Your Edge Case Discovery: Ask AI:

"What happens if I set a global timeout for all 3 API calls combined (instead of per-request)? Like 'fetch all 3 within 5 seconds total, but don't care how they divide the time'? That's different from per-request timeout. Show me both patterns and explain when to use each."

Expected Outcome: You discover retry strategy (exponential backoff), global vs per-request timeouts, and circuit breaker concepts. You teach AI the resilience patterns production systems need.

Building a Resilient Data Fetcher

Capstone Activity: Build a resilient multi-source data fetcher.

Specification:

  • Fetch from 6 external services (simulated with asyncio.sleep)
  • 3 services: normal (0.5s), 1 service: slow (4s), 2 services: flaky (random timeout)
  • Per-request timeout: 2 seconds
  • Retry logic: up to 3 attempts with exponential backoff (1s, 2s, 4s between retries)
  • Global timeout: entire operation must complete within 15 seconds
  • Return: {service_name: (status, data/error_msg, retry_count)}
  • Type hints throughout

Deliverable: Save to /tmp/resilient_fetcher.py

Testing Your Work:

python /tmp/resilient_fetcher.py
# Expected output:
# Service 1: success (data, 1 attempt)
# Service 2: success (data, 1 attempt)
# Service 3: success (data, 2 attempts - retried once)
# Service 4: timeout (after 3 attempts)
# Service 5: success (data, 1 attempt)
# Service 6: timeout (after 2 attempts, global timeout kicked in)
# Total time: ~12-15 seconds

Validation Checklist:

  • Code runs without crashing
  • Slow services are retried (retry count > 1)
  • Global timeout prevents infinite waits (completes within 15s)
  • Failed services don't prevent others from completing
  • Exponential backoff visible in timing (gaps between retries increase)
  • Type hints complete
  • Follows production pattern (asyncio.run at top, try/except with proper cleanup)

Time Estimate: 32-38 minutes (5 min discover, 8 min teach/learn, 9 min edge cases, 10-17 min build artifact)

Key Takeaway: You understand how production systems handle cascading failures—timeouts prevent hangs, retries handle transient errors, and circuit breakers prevent overwhelming struggling services.

Try With AI

Why do production systems need timeouts, retries, AND circuit breakers when a single timeout seems sufficient?

🔍 Explore Timeout Patterns:

"Show me asyncio.wait_for() with a 2-second timeout wrapping a slow API call.
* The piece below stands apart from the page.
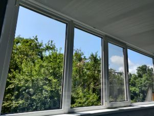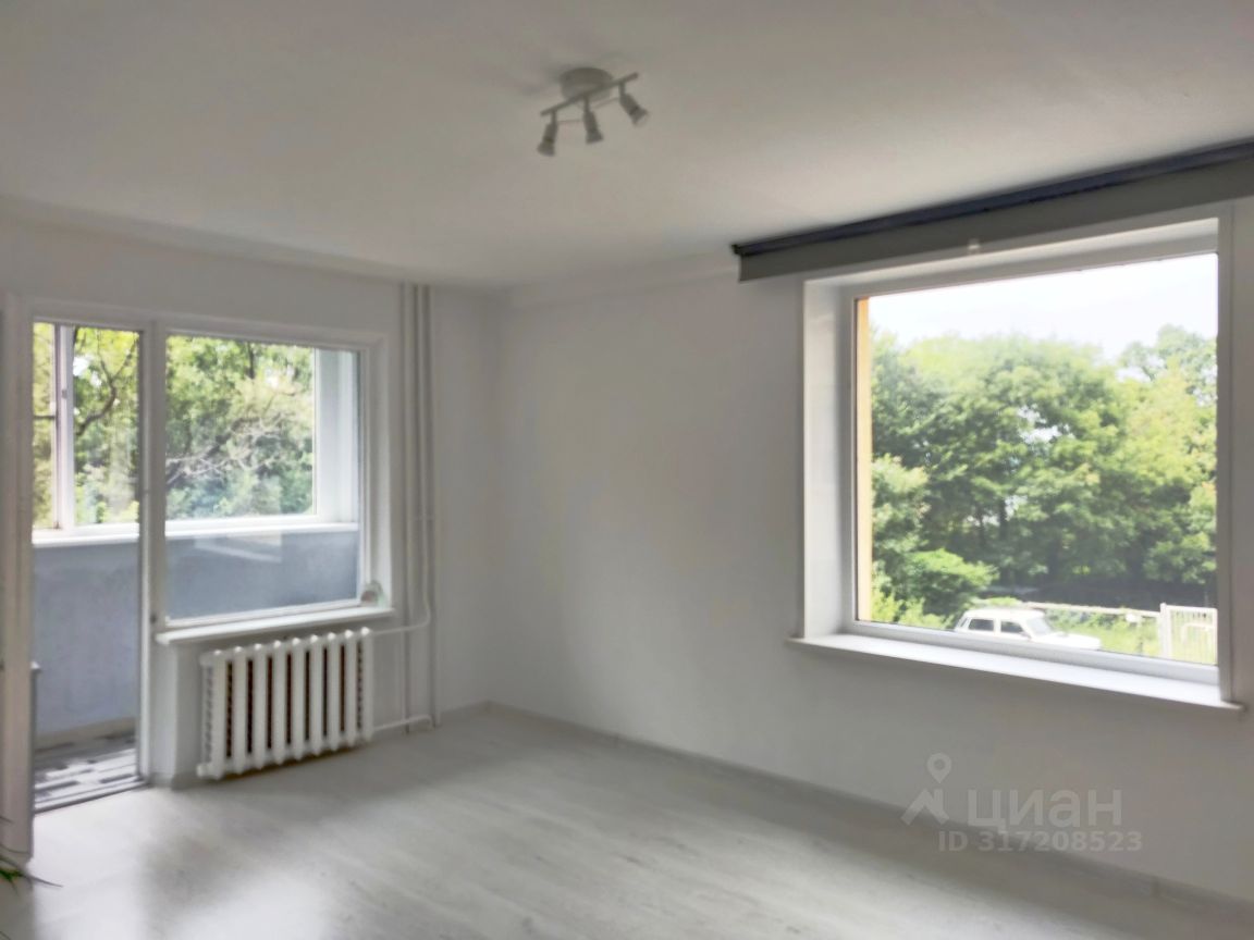 Площадь комнат 9,1 и 16,8 кв м - раздельные без дверей в коридор (без них стало светлее и просторнее). Лоджия вдоль комнат с видом на деревья и внутреннюю часть двора.

What exception gets raised? Compare this to asyncio.wait() with timeout parameter. When do I use each?"

🎯 Practice Retry Logic:

"Implement exponential backoff retry (1s, 2s, 4s delays) for a flaky service that fails 70% of the time. Use asyncio.sleep() for delays. Show how retry count and total elapsed time differ."

🧪 Test Circuit Breaker:

"Create a circuit breaker that opens after 3 consecutive failures, stays open for 10s, then allows 1 test request. Show state transitions: closed → open → half-open → closed. What prevents cascading failures?"

🚀 Apply to Resilient Gateway:

"Design an API gateway with per-service timeouts (2s), 3-attempt retries with exponential backoff, and circuit breakers. Show how this handles: slow services, flaky services, and completely down services."